• Task requirements:
Please output exactly the lines below, starting at the line that has "先日、瀬戸市民公園体育館にお" and ending at the line that has "4月2日19时,广西壮族自治", both included; leave out all pictures and include nothing else.

• Input records:
# # #

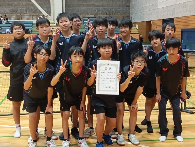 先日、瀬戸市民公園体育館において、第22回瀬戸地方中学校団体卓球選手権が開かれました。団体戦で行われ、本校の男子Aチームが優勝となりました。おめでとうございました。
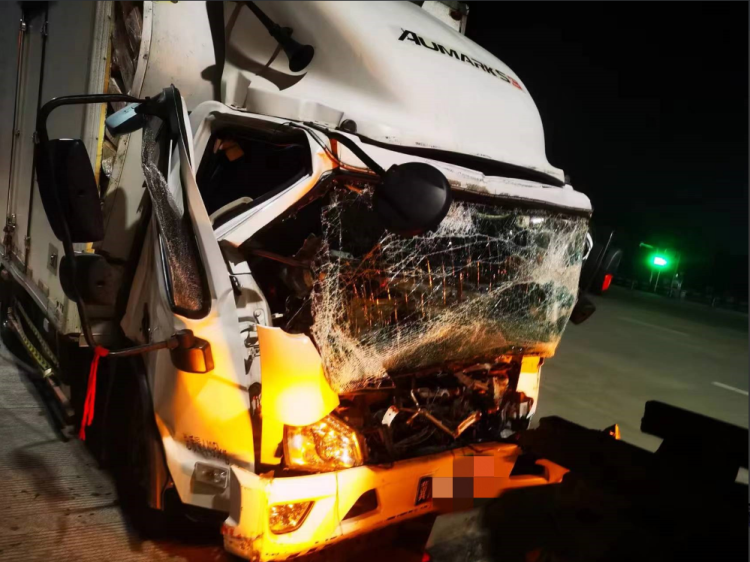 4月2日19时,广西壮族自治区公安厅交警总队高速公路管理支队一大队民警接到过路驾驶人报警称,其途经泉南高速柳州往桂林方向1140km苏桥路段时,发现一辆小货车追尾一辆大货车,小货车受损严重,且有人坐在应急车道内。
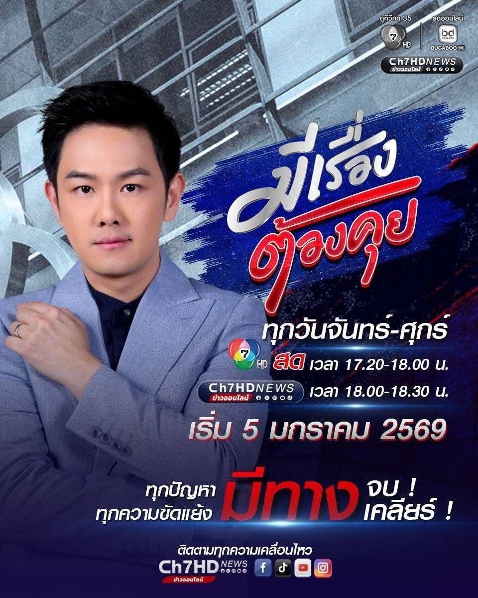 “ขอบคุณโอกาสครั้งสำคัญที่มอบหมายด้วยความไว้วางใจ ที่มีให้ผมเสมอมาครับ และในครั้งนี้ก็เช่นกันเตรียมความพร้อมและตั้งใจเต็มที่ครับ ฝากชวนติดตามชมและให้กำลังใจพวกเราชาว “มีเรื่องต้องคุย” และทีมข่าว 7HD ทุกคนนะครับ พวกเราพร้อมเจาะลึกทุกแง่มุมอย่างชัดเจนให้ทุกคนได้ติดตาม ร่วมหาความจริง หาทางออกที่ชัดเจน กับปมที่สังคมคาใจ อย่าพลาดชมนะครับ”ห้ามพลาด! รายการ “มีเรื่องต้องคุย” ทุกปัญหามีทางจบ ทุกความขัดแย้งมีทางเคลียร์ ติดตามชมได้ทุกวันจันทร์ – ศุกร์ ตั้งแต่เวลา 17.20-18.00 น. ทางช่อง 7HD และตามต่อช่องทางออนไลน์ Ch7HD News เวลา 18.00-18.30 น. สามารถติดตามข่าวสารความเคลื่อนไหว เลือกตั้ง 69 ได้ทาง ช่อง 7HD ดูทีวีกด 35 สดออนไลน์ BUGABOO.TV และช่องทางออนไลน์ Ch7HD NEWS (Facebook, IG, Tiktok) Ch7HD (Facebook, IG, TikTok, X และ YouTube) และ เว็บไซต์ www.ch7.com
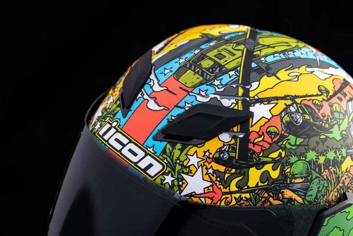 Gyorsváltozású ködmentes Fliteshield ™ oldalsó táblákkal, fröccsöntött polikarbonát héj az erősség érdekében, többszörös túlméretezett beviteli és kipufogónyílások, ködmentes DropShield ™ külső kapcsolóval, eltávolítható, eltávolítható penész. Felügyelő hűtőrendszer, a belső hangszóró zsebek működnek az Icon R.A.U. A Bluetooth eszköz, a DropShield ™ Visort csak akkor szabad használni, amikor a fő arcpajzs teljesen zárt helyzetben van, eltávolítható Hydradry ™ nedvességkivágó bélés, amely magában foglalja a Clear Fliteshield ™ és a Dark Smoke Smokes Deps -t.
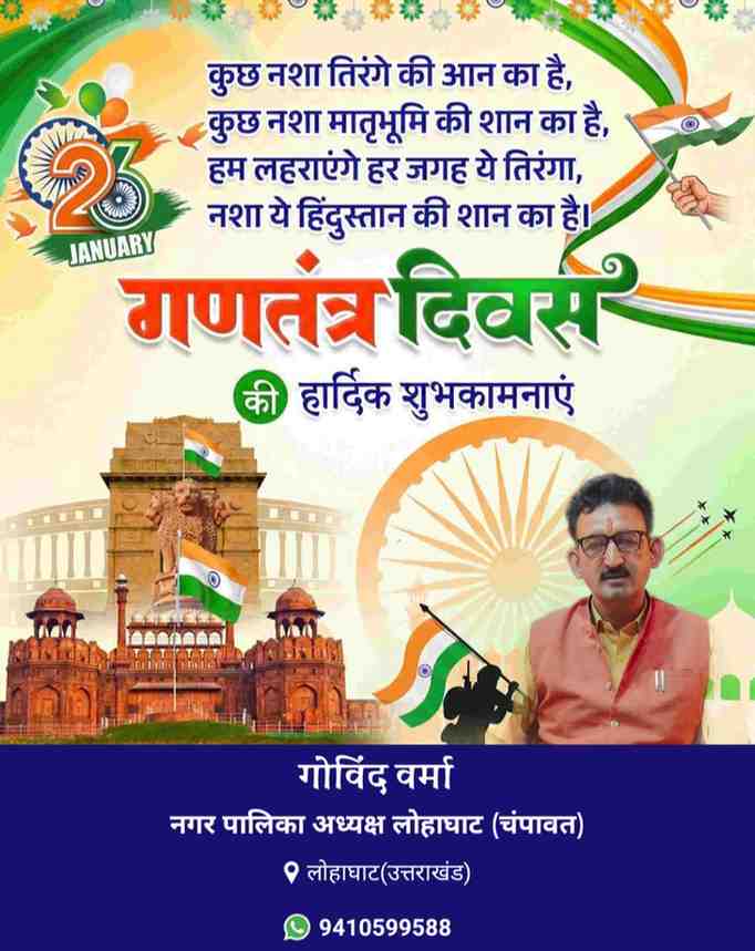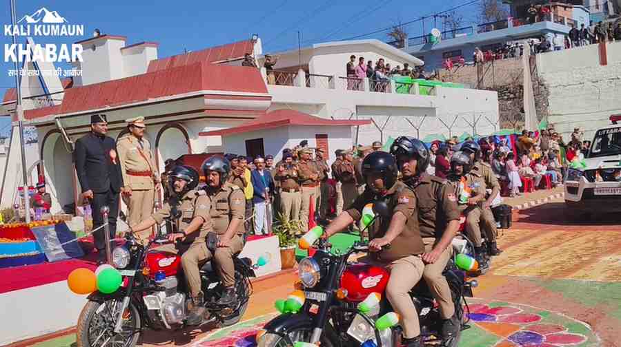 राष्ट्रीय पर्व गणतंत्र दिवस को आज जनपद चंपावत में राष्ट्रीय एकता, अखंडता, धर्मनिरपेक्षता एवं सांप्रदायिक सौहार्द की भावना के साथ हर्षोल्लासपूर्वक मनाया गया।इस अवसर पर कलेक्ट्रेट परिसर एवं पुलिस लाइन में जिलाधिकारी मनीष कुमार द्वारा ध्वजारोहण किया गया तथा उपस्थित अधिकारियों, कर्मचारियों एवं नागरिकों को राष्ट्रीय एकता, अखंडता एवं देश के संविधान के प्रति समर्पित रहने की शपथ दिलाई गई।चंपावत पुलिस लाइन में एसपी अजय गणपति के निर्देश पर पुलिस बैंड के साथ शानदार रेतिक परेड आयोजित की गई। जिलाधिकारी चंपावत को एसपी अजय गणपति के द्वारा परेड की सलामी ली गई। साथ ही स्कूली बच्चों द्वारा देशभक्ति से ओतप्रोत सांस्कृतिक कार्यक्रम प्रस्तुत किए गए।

# # #

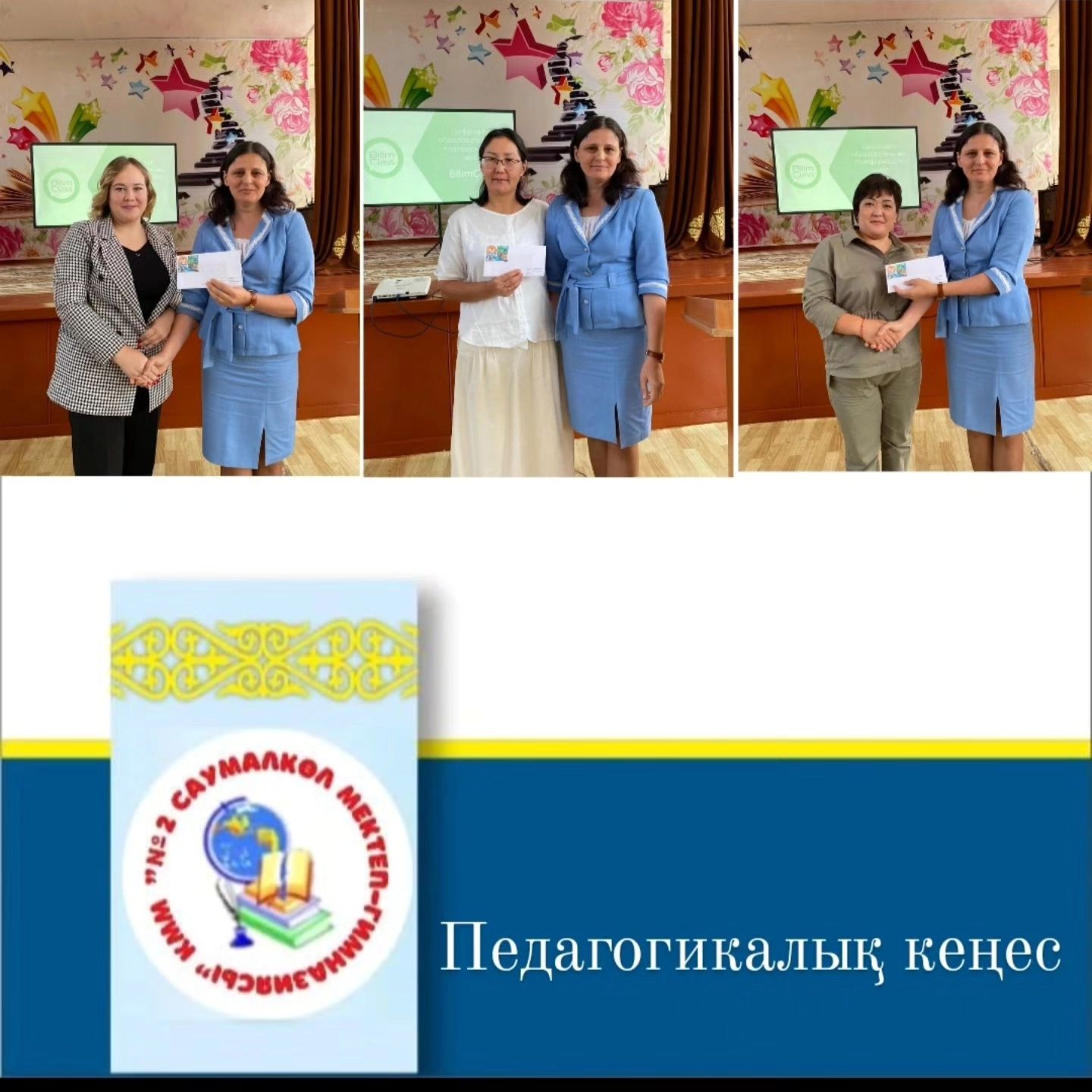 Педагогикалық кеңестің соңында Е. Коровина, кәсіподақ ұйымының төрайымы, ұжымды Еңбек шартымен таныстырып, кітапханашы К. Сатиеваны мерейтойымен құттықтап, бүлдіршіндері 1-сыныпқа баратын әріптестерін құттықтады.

# # #

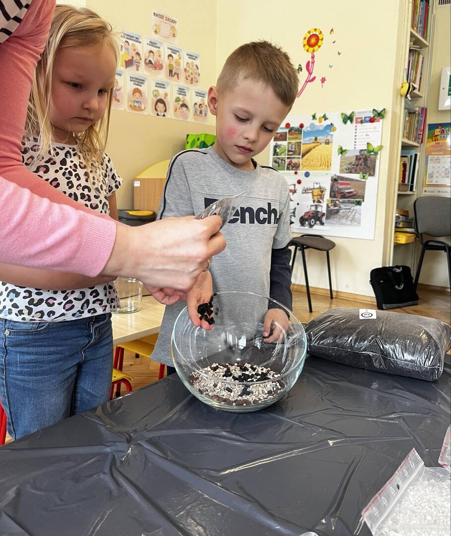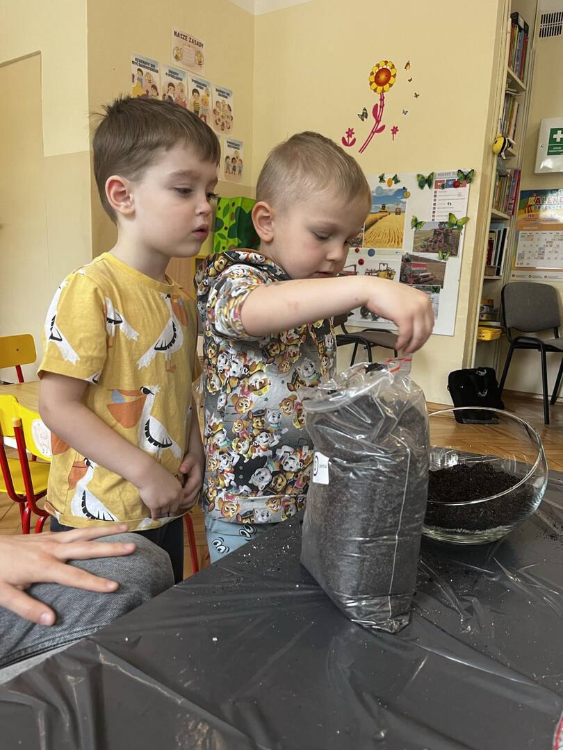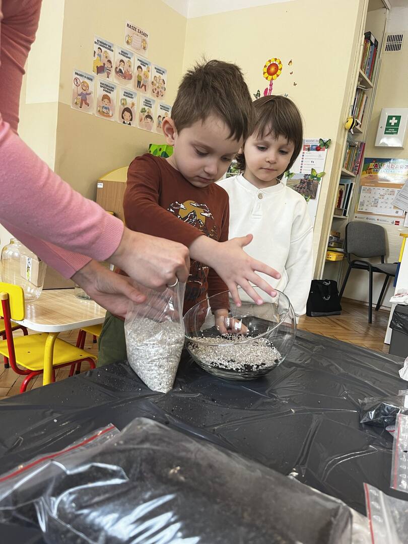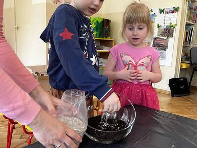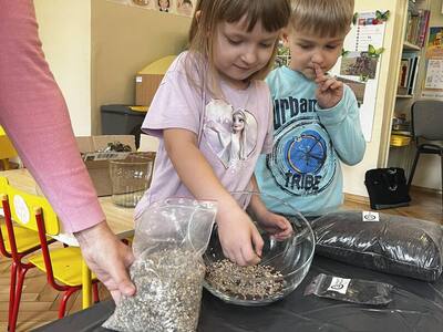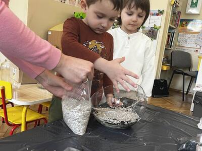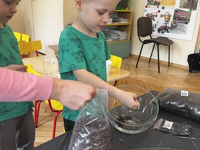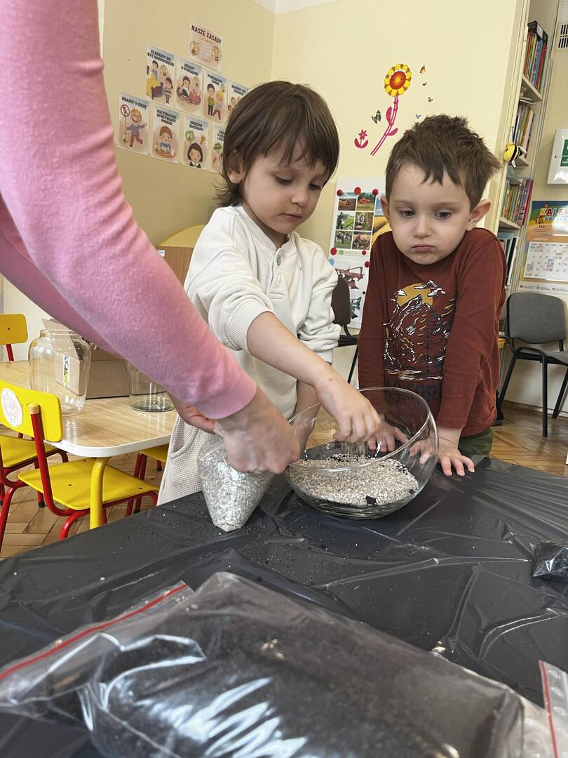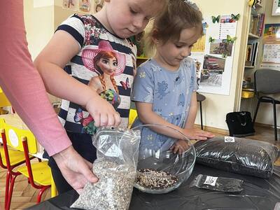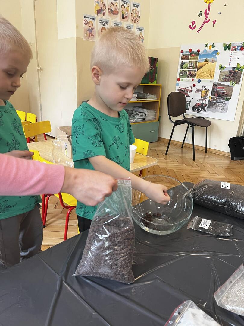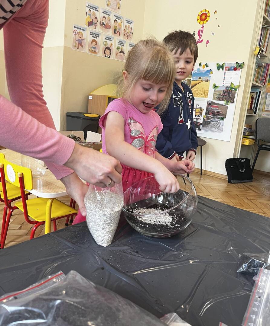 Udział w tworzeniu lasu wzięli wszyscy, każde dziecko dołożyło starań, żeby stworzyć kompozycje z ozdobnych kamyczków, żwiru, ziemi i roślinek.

# # #

• Solution to this problem:
 先日、瀬戸市民公園体育館において、第22回瀬戸地方中学校団体卓球選手権が開かれました。団体戦で行われ、本校の男子Aチームが優勝となりました。おめでとうございました。
 4月2日19时,广西壮族自治区公安厅交警总队高速公路管理支队一大队民警接到过路驾驶人报警称,其途经泉南高速柳州往桂林方向1140km苏桥路段时,发现一辆小货车追尾一辆大货车,小货车受损严重,且有人坐在应急车道内。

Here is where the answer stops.